Ellery jumped down and hurried over to release him. Detective Piggott jeered, “Going to play Santa to your kids tomorrow morning, Velie?” at which the Sergeant managed even through his mask to project a four-letter word distinctly, forgetful of Miss Porter’s presence, and stamped off toward the gentlemen’s relief station.
“Where you going, Velie?” asked the Inspector, smiling.
“I got to get out of these x-and-dash Santy clothes somewheres, don’t I?” came back the Sergeant’s mask-muffled tones, and he vanished in a thunder-clap of his fellow-officers’ laughter.
“Still worried, Mr. Queen?” chuckled the Inspector.
“I don’t understand it.” Ellery shook his head. “Well, Mr. Bondling, there’s your dauphin, untouched by human hands.”
“Yes. Well!” Attorney Bondling wiped his forehead happily. “I don’t profess to understand it, either, Mr. Queen. Unless it’s simply another case of an inflated reputation …” He clutched the Inspector suddenly. “Those men!” he whispered. “Who are they?”

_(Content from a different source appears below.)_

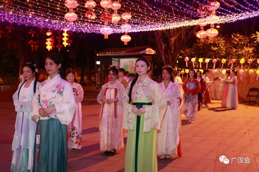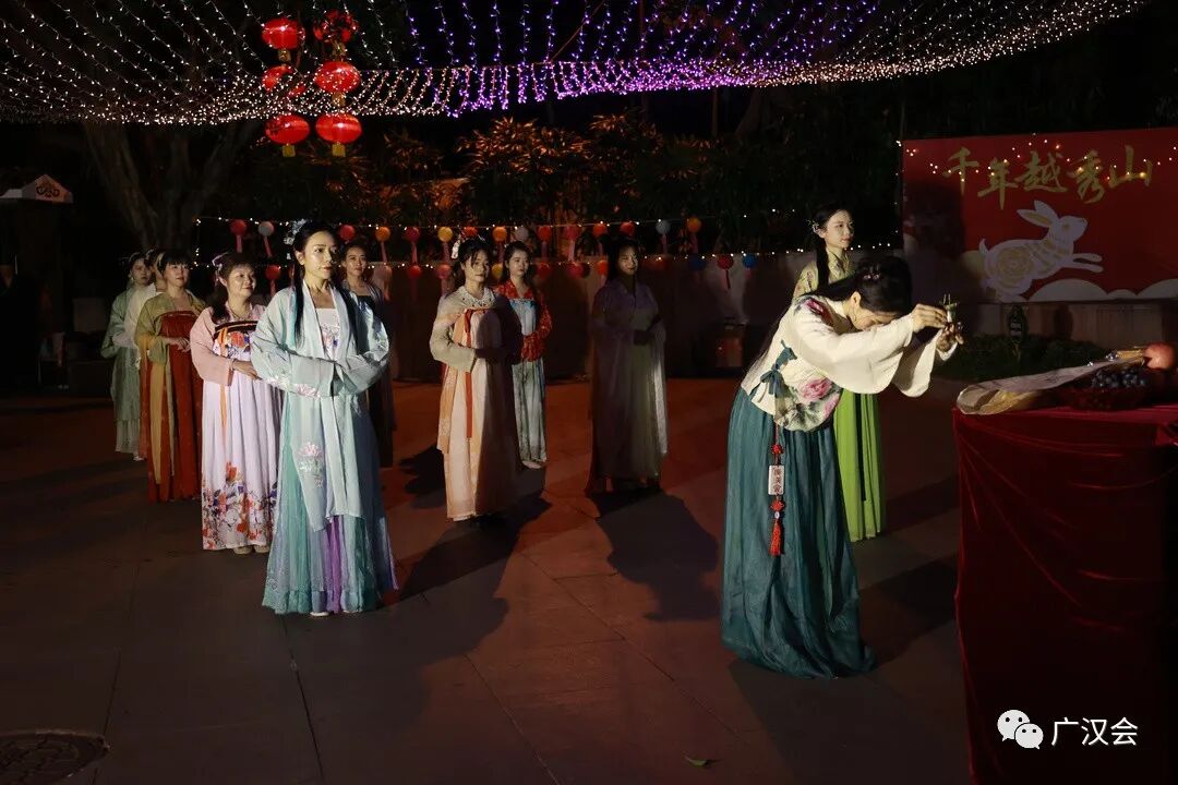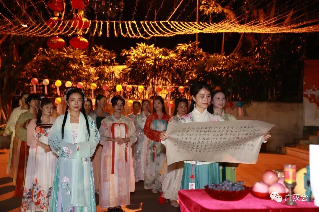 19日活动预热时,央视还过来拍摄,并于20日晚间的新闻联播,报道广汉会和市民一起过中秋情况。 21日活动当天,广州广播电视台还直播整个拜月的过程。 点击阅读原文,即可观看回放(视频第25分钟开始就是这次的活动) 19日在拜月过程中不断地听到市民说中秋就该这样;拍摄结束后,其中几位街坊还特意跑过来,说要学习如何拜礼、敬酒、上香,很认真的学起来准备中秋当日在家进行;有位妈妈带着两个上小学的孩子,得知中秋有正式的活动时,立刻说到时我们也穿上汉服来…… 在放河灯时,好几位阿婆站旁边,当我们把河灯投进湖水中时,阿婆用广州话说:“大家身体健康,平平安安,赚多点钱,女儿早日揾到如意郎君。” 广汉会的活动一直都十分注重“将汉服融入生活,用礼仪带动群众”。在传统节日中,我们会组织汉服同袍去慰问弱势群体,在节日民俗活动中,我们不是单纯展示或只是让市民体验,而是与民同乐,让市民一起参与进来,因为我们的节日属于我们所有人。我们就是这样一支接地气的宣传传统文化的志愿队伍,“志愿者”才是我们主要的共同身份。 感谢大家都很给力参与,中秋当晚有点小雨,大家都担心雨会影响活动,有市民说水为财水为财,代表中秋后大家就开始赚大钱啦,后来活动开始,雨也停了。感谢众伙伴的支持和付出! 主持、赞者:唐糖 主祭、亚献、终献:上官圈圈、洛离、雪溪、安安 执事:洛儿、钰瑤、宛之 从祭:琉璃、桃花岛主、芳芳、心媛、映彤、苏令、子歌、花泽香菜、羽桐、言柒、金音符天使、云曦、兔桂花、Dissa、张家妹妹、轻舞飞扬、LIANG、阿乔、娴雅妞、陈默、映彤、上卿沫、清明、有一种借口叫年轻、落轩、顿慧、漫漫、清影、猫神、小小、京墨、默默、芳芳、芸苔、琉璃、逸仙、liuyue、墨寻、诸葛鱼、青柠香、Miao、Vivi、焕焕、飒、健康·美、一寻千梦 工作人员:一江水、燕十四、渭水有雀、钟幼明、沙师弟、云曦 摄影摄像:谭老师、静云、安杰、淑琴 后勤:俊雯、小牛 祝文文案:凖飞 祝文书写:张国桃、上官圈圈 感谢越秀公园的大力支持,给街坊市民一个传统的中秋节!

“Relax, Mr. Bondling,” said the Inspector good-naturedly. “It’s just the men to move the dolls back to the bank. Wait a minute, you men! Perhaps, Mr. Bondling, we’d better see the dauphin back to the vaults ourselves.”
“Keep those fellows back,” said Ellery to the Headquarters men, quietly, and he followed the Inspector and Mr. Bondling into the enclosure. They pulled two of the counters apart at one corner and strolled over to the platform. The dauphin was winking at them in a friendly way. They stood looking at him.
“Cute little devil,” said the Inspector.
“Seems silly now,” beamed Attorney Bondling. “Being so worried all day.”
“Comus must have had some plan,” mumbled Ellery.
“Sure,” said the Inspector. “That old man disguise. And that purse-snatching act.”